К концу 1980 года заметно обострилась полемика внутри эмигрантской среды в целом. В письме от 17 ноября Е. Эткинд с горечью сообщал филологам М. Альтшулеру и Е. Дрыжаковой, живущим в США:
Видали ли Вы «Континент» № 25? «Колонку редактора» с обвинениями в адрес Синявского и мой — будто мы агенты ГБ? Горько мне не это (ну, ругается пьяный…),
1251
Альтшулер М., Дрыжакова Е. Встречи и письма // Ефим Эткинд: Здесь и там. СПб., 2004. С. 493.

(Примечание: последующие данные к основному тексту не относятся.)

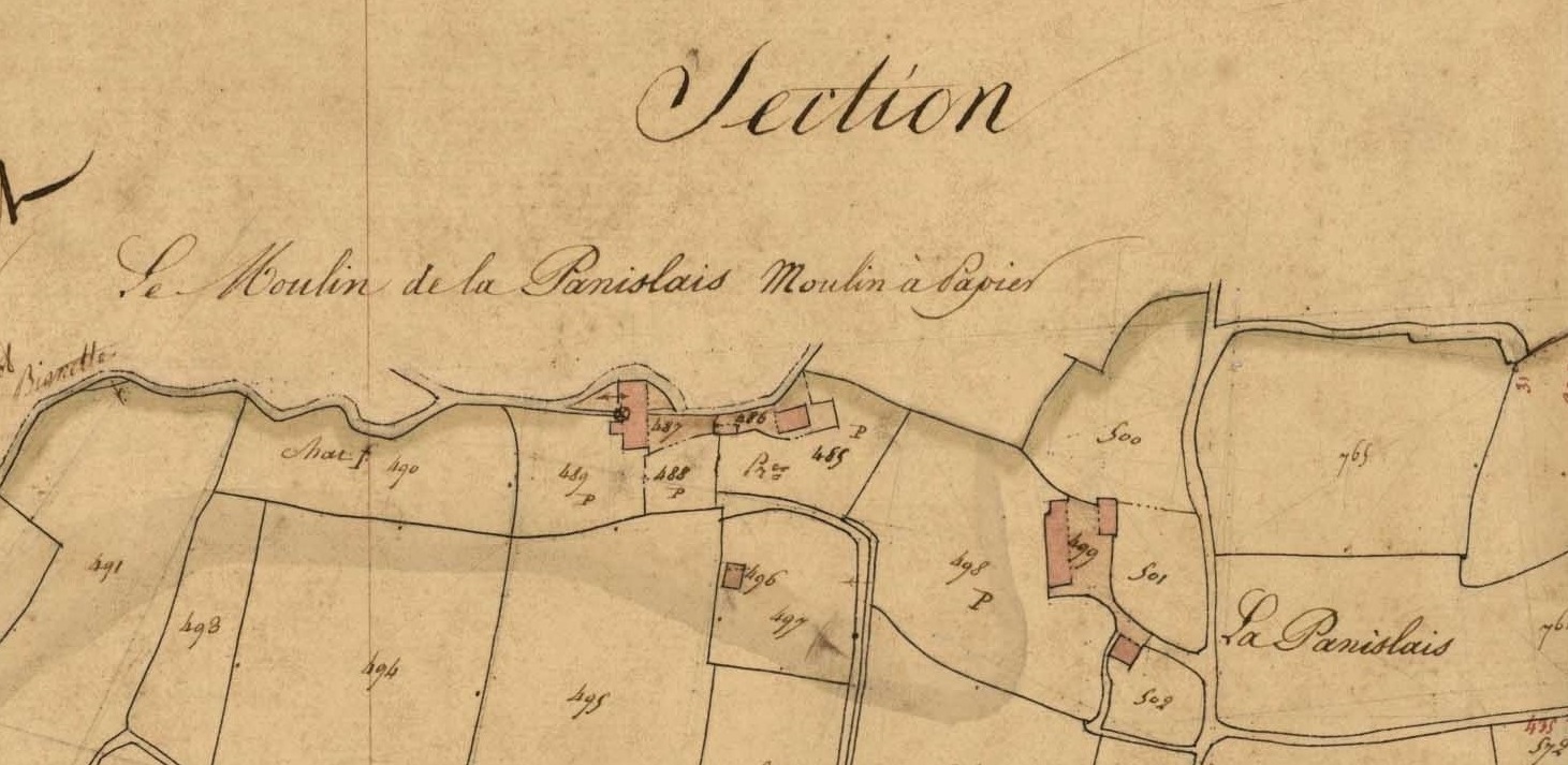 Moulin à papier de la Basse-Panisselais (cadastre 1834)Immatriculation

«Колонка редактора» в № 25 «Континента» под названием «Немного об эмигрантских распрях» была действительно крайне резкой по тону. В. Е. Максимов (задетый за живое, раздраженный) нападал на «профессоров» новой выпечки, громко именующих себя «изгнанниками и политическими эмигрантами», что не мешает одному из них «после семи лет своего заграничного диссидентства получить от родного правительства постоянный советский паспорт для проживания за рубежом, а другому отправлять свою жену в беспрепятственные вояжи по маршруту Париж — СССР и обратно» [1252] . По сути, это было обвинение А. Синявского и Е. Эткинда в политическом предательстве, в заигрывании с советской властью. Подобные обвинения становились тем интенсивнее, чем чаще оба парижских профессора публично выступали (не только в Европе, но и в США) против В. Максимова, А. Солженицына и всего так называемого «правого» крыла русской эмиграции.
1252
Континент. № 25. 1980. С. 348.
С внутренней оглядкой на «Континент», с задачей противостояния ему в № 12 «Синтаксиса» (1984) была опубликована своего рода декларация независимости (написанная, очевидно, М. В. Розановой). В ней подчеркивалась особая роль и миссия этого издания:
«Синтаксис» был задуман как журнал беспартийный и независимый — от окрика «вождя», от силы денег, от «истины» в последней инстанции. Мы предаем гласности не бесспорные, а зачастую спорные вещи и идеи, которые сплошь и рядом «не проходят» в других журналах по причинам, от качества материала не зависящим. Идее единой, авторитарной «истины», хранящейся в кармане больших начальников, мы противопоставляем в первую очередь вопрос о том, насколько интересна, свежа, оригинальна присланная нам статья, насколько она способствует разнообразию взглядов и стилей — развитию самостоятельной мысли и творчества в современной России. [1253]
1253
Синтаксис. № 12. 1984. С. 3.
В № 13 «Синтаксиса» была помещена редакционная заметка «Кто такая госпожа эмиграция?», в которой выражалось возмущение инсинуациями со стороны «Континента»:
Вот журнал «Континент» (№ 42, с. 356) всем редакционным составом, с мрачной торжественностью извещает о существовании каких-то доподлинно известных журналу агентов КГБ — в виде «некоторых „представителей“ третьей эмиграции». Однако имена этих мерзавцев почему-то не называет. Почему? Из гуманных соображений? По склонности к символизму, к поэтике намеков и туманных иносказаний? По обычаю оперировать таинственным определением «некоторые», заимствованному из советских газет и создающему атмосферу зловещей сверхсекретности и взаимной подозрительности? Или это просто такой художественный прием полемики, и редакция «Континента», сознавая, что клевещет, опасается, как бы названные имена не привлекли ее в суд за клевету? [1254]
1254
Там же. № 13. 1985. С. 162.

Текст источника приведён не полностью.